◆ What is required: Please output exactly the lines from the one that holds "[01:45.960] | ギガマジメ我ファイト |" through the final line of the data, and nothing else; leave out any pictures.

◆ Extracted entries:
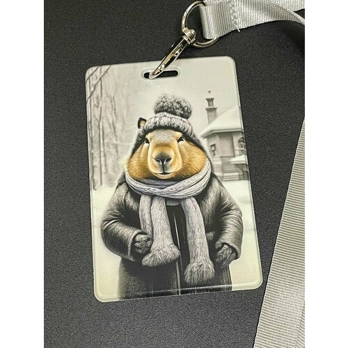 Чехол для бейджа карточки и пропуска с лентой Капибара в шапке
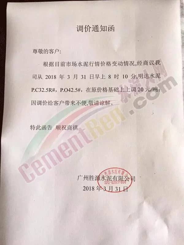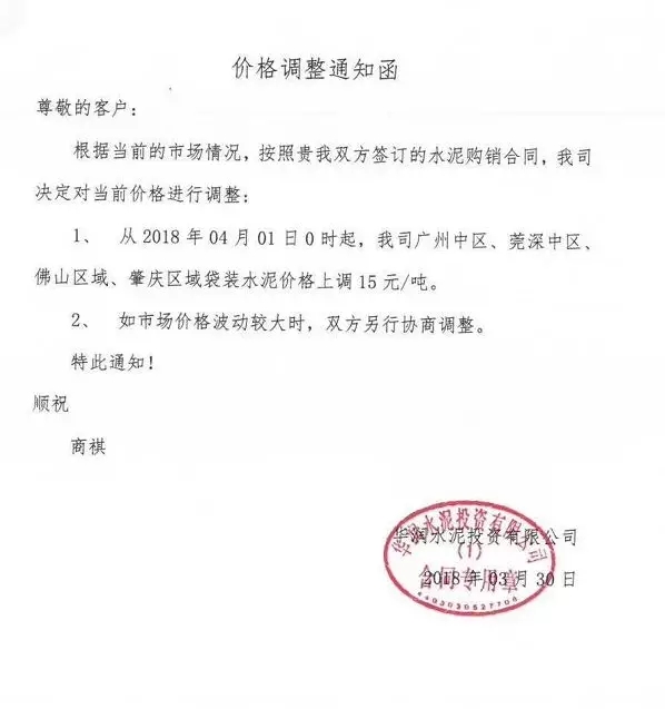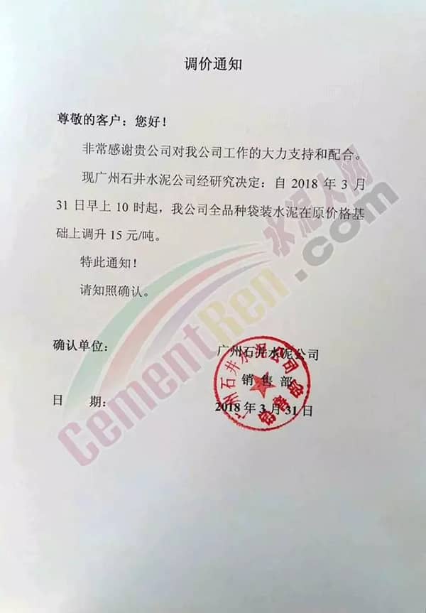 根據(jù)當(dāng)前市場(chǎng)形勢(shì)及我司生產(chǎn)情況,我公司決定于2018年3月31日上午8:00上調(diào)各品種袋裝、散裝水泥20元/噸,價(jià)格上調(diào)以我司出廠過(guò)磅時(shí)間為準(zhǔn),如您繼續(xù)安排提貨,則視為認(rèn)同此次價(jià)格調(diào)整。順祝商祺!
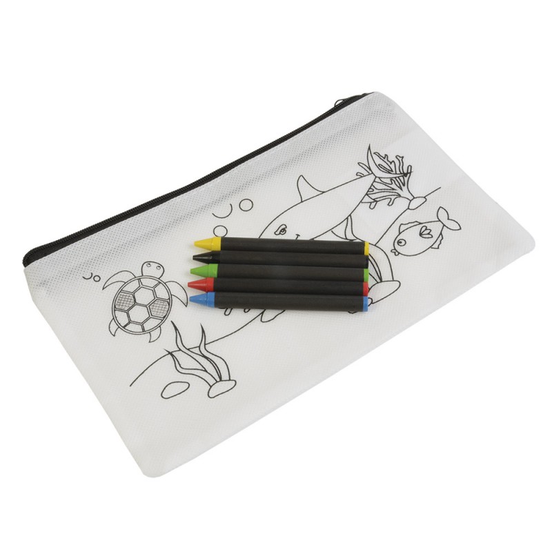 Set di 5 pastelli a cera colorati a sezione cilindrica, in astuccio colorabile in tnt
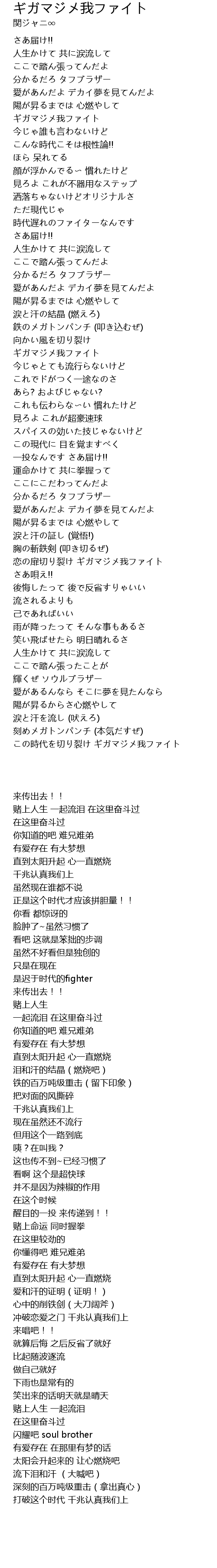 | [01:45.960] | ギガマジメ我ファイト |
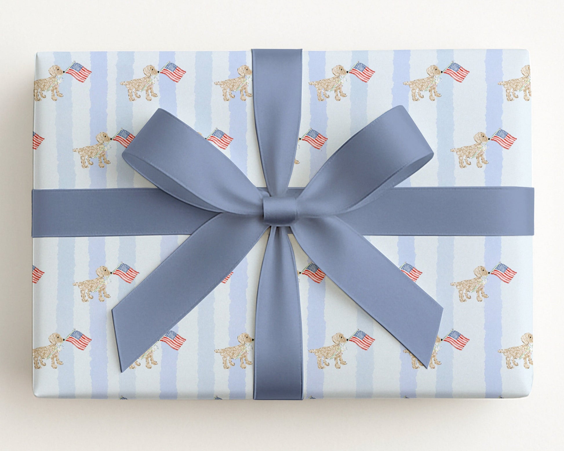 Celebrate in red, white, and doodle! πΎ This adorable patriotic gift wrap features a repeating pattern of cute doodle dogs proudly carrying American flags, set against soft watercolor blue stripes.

◆ Written answer:
 | [01:45.960] | ギガマジメ我ファイト |
 Celebrate in red, white, and doodle! πΎ This adorable patriotic gift wrap features a repeating pattern of cute doodle dogs proudly carrying American flags, set against soft watercolor blue stripes.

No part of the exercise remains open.